[Data extracts — start]

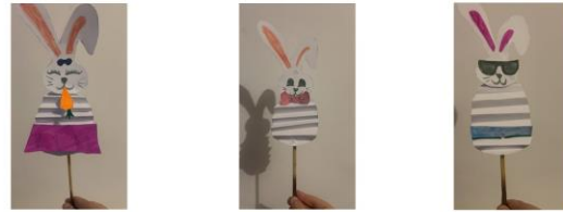
School No. 4 Sibiu, Romania
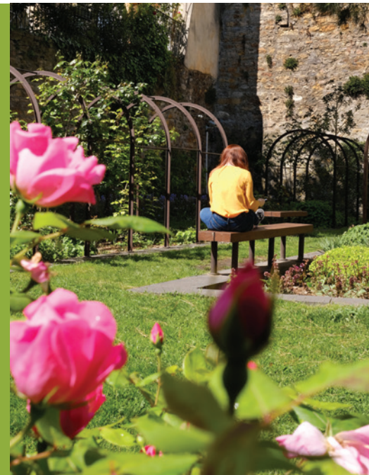
Jardins de Gadagne

Île Barbe - Lyon Place Raspail © Dessin Laurent Bonneau
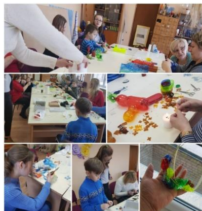
Nodarbību cikls “Domāt zaļi” Zebrenes bibliotēkā
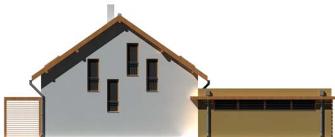
POHLED BOČNÍ (GARÁŽ)
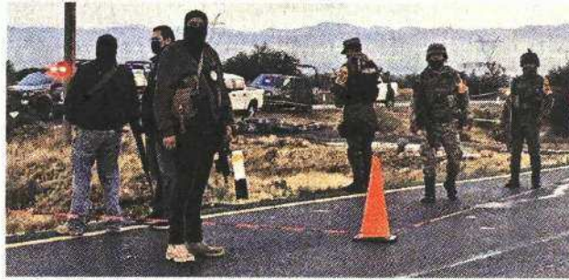
■ Catorce de los cuerpos fueron tirados junto a una carretera.

Los interrogados señalaron ser miembros del CJNG y confesaron diversos crímenes en Juan Aldama.
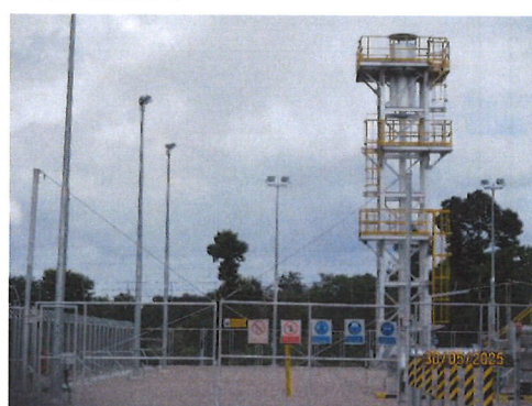
สถานีที่ 2 สถานีกลางทาง (Intermediate Block Valve Station)
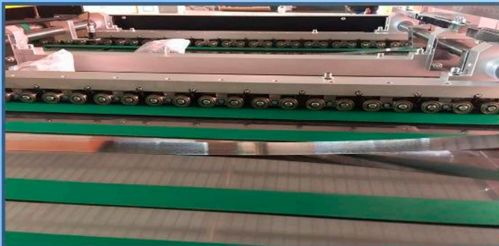
Sistema de alineación de material
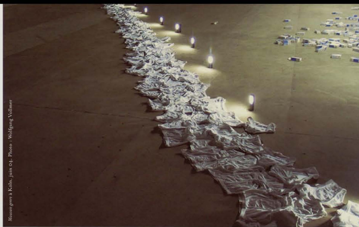
Mauvais genre à Köln, juin 04
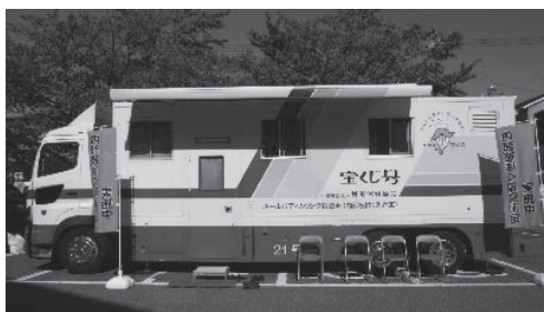
ホールボディ・カウンタ車

*令和3年度原子力災害影響調査等事業（福島県内における住民の個人被ばく線量把握事業：内部被ばく）
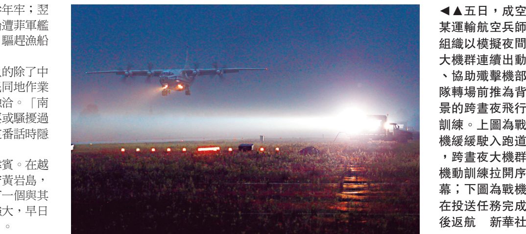
▲五日，成空某運輸航空兵師組織以模擬夜間大機群連續出動、協助殲擊機部隊戰場前推為背景的跨晝夜飛行訓練。上圖為戰機緩緩駛入跑道，跨晝夜大機群機動訓練拉開序幕；下圖為戰機在投送任務完成後返航
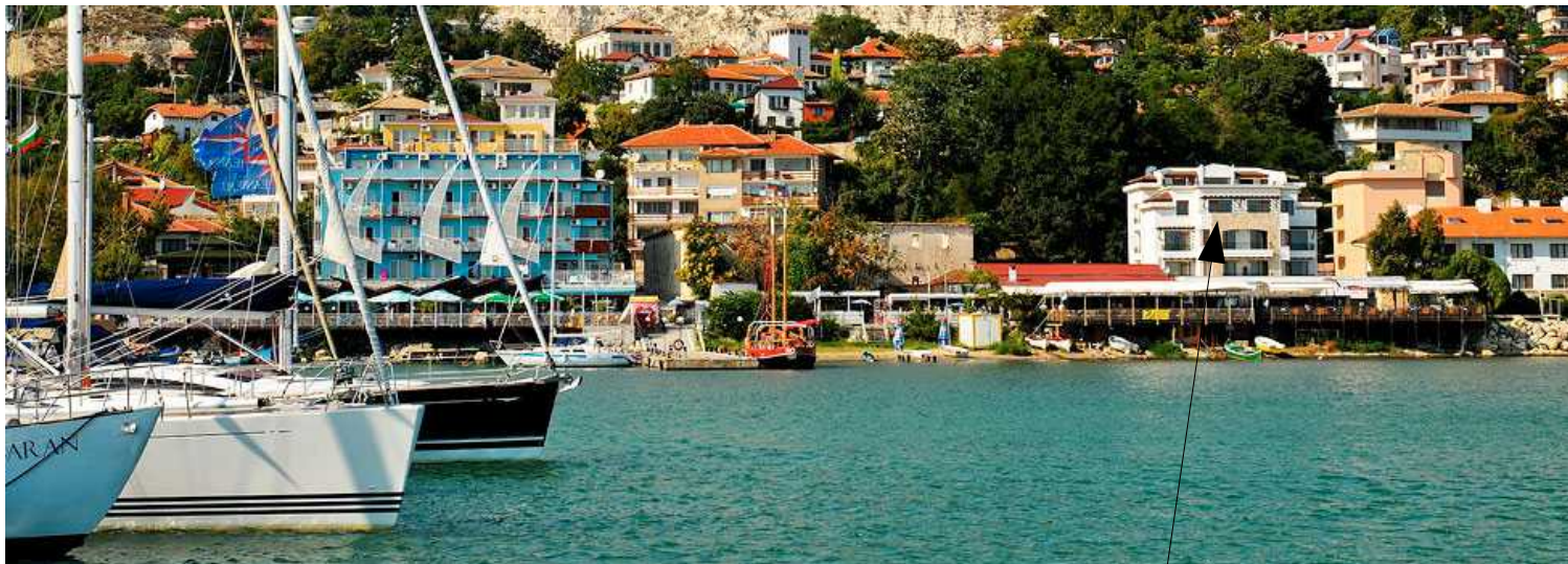
Bilde fra strandpromenaden. Hotel Selena ligger her.

Byen var hovedstad en kort periode i det 14. århundre.
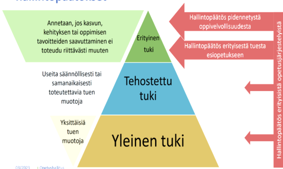
Kuva 5. Esiopetuksen tuen muodot ja hallintopäätökset (OPH)
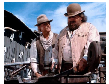
1994 PETIT PAPA BASTON (Botte di Natale) de Terence Hill avec Terence Hill
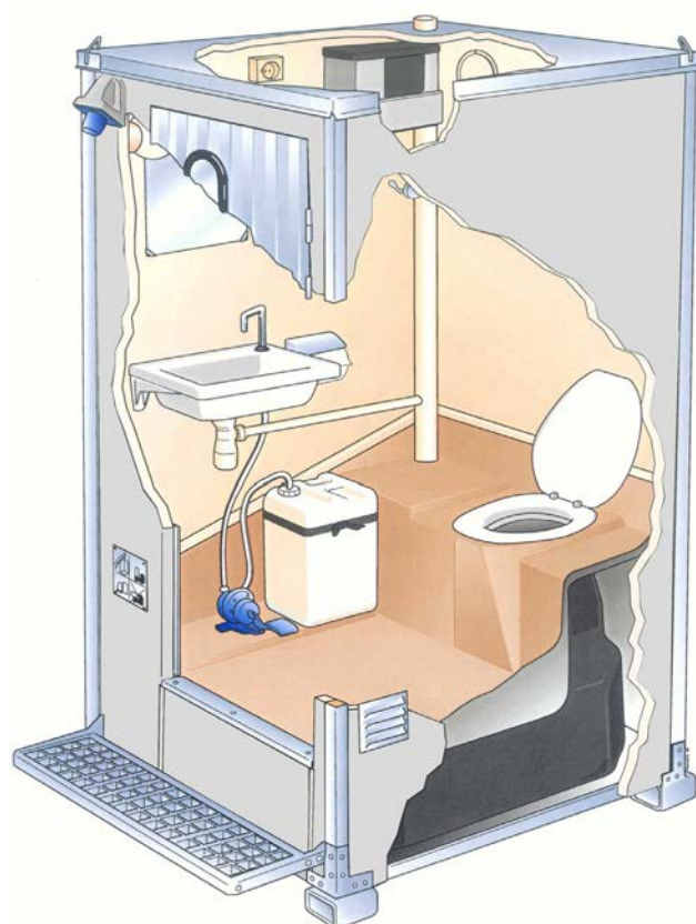
Genomsnitt av en T-500.

Alla enheter är lätta att flytta och transportera. Kabinerna kan användas permanent eller periodvis på till exempel golfbanor, campingplatser och arbetsplatser inom bygg- och tillverkningsindustrin.
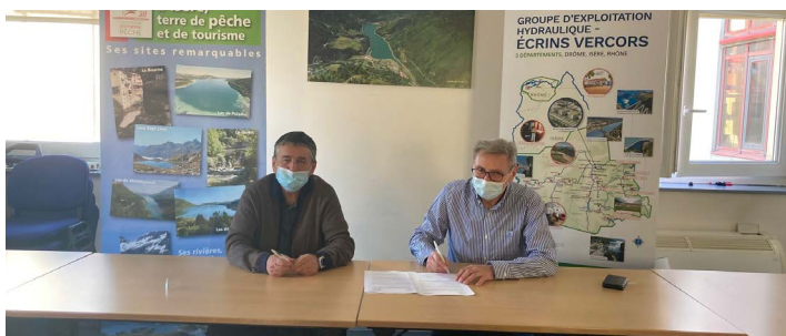
signature de la convention

+ d'informations sur le dépliant et le site internet de la Fédération de Pêche

[Data extracts — finish]

> [Problem requirements]: Exactly the lines starting at the one above with "Jardins de Gadagne" and ending at the one with "ホールボディ・カウンタ車" should be printed, and nothing else. Omit the pictures.

> [Task result]:
Jardins de Gadagne

Île Barbe - Lyon Place Raspail © Dessin Laurent Bonneau
Nodarbību cikls “Domāt zaļi” Zebrenes bibliotēkā
POHLED BOČNÍ (GARÁŽ)
■ Catorce de los cuerpos fueron tirados junto a una carretera.

Los interrogados señalaron ser miembros del CJNG y confesaron diversos crímenes en Juan Aldama.
สถานีที่ 2 สถานีกลางทาง (Intermediate Block Valve Station)
Sistema de alineación de material
Mauvais genre à Köln, juin 04
ホールボディ・カウンタ車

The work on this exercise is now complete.